No, says economist Seth Stephens-Davidowitz. America’s lame political dynasties are the result of a political system rife with nepotism.

There is a very real chance that the presidential election in 2016 will pit Jeb Bush against Hillary Clinton.… Whether or not you like one of the candidates, it just doesn’t feel right, in part because a second Bush-Clinton election makes a mockery of our self-identification as a democratic meritocracy.…

In our era a son of a president was roughly 1.4 million times more likely to become president than his supposed peers.… The presidency is obviously a small sample. But the same calculations can be done for other political positions. Take governors.

Because it is difficult to be sure that you have counted all the sons of governors, let’s assume that governors reproduce at average rates. This would mean there were about 250 baby boomer males born to governors. Five of them became governors themselves, about one in 50. This is 6,000 times the rate of the average American. The same methodology suggests that sons of senators had an 8,500 times higher chance of becoming a senator than an average American male boomer.

But there’s nepotism everywhere, and most parents want their children to follow in their footsteps. Is politics remarkable?

Is this electoral edge unusual? Successful parents, whatever their occupation, pass on their genes and plenty of other stuff to their kids. Do different fields have similar familial patterns?

In just about every field I looked at, having a successful parent makes you way more likely to be a big success, but the advantage is much smaller than it is at the top of politics….

Think about the N.B.A. further. The skills necessary to be a basketball player, especially height, are highly hereditary. But the N.B.A. is a meritocracy, with your performance easy to evaluate. If you do not play well, you will be cut, even if the team is the New York Knicks and your name is Patrick Ewing Jr.

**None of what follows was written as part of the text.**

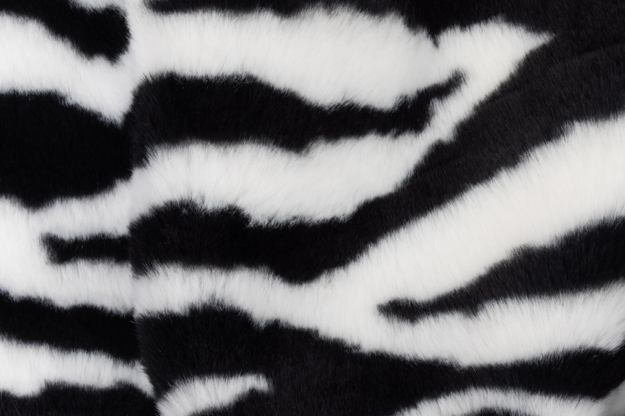 うさぎの毛皮のように柔らかくふわふわのファー生地、白黒のはっきりとしたゼブラ柄です。

Father-son correlation in the N.B.A. is only one-eleventh as high as it is in the Senate.

Presidents, superstar athletes, Nobel Prize-winning scientists, and other leaders in their field are outliers in the distribution. “Regression to the mean” is a statistical principle that describes the tendency of variables to return to the average over time. In the case of hereditary athletic talents, we should expect that Michael Jordan’s sons will be pretty average basketball players and will probably not end up dominating the NBA.

But in politics, we don’t see this: “The Bush family’s dominance would be the basketball equivalent of Michael Jordan being the father of LeBron James and Kevin Durant — and of Michael Jordan’s father being Walt Frazier.”

In other words, the odds that the best person to run your government (assuming such a thing exists) just so happened to live in the same house as the previous senator, governor, or president are stupendously bad.

He notes that politics isn’t the only sphere where irrational favoritism for close relations shows up in the data: CEOs tend to give birth to CEOs at an improbable rate, too, and we know that heredity isn’t a foolproof guide to succession in business, either. Economists have shown that family businesses that favor succession to blood relatives tend to perform worse after the transition.

The difference is that in business, the cost of the decision falls on those who make it. In politics, we all pay.

Stephens-Davidowitz concludes, “The data shows conclusively that we have a nepotism problem. So now the question is: Why does the modern United States tolerate this level of privilege for political name brands?”

Indeed. How could this be? It can’t be nepotism in the same way that family businesses tap relations to run the company — it’s the voters who decide who wins the next election. So how could equalitarian democracy, the great leveller, the system that tells elementary students “you too could grow up to be senator or president,” recreate dynastic political succession?

Well, the answer is that the promise is partially true: technically, any citizen can become a senator — Sen. Elizabeth Warren, he points out, is the daughter of a janitor — but you’re just 8,500 times more likely to get there if your mom or dad was too. And, in part, it could be that intelligence (or low cunning) is heritable and makes politicians’ kids better at the game. But that doesn’t explain the continued popularity of a figure like Robert F. Kennedy Jr., the dull luminary of the anti-vaccine and “jail climate deniers” movements, who has clearly regressed to mean with a vengeance.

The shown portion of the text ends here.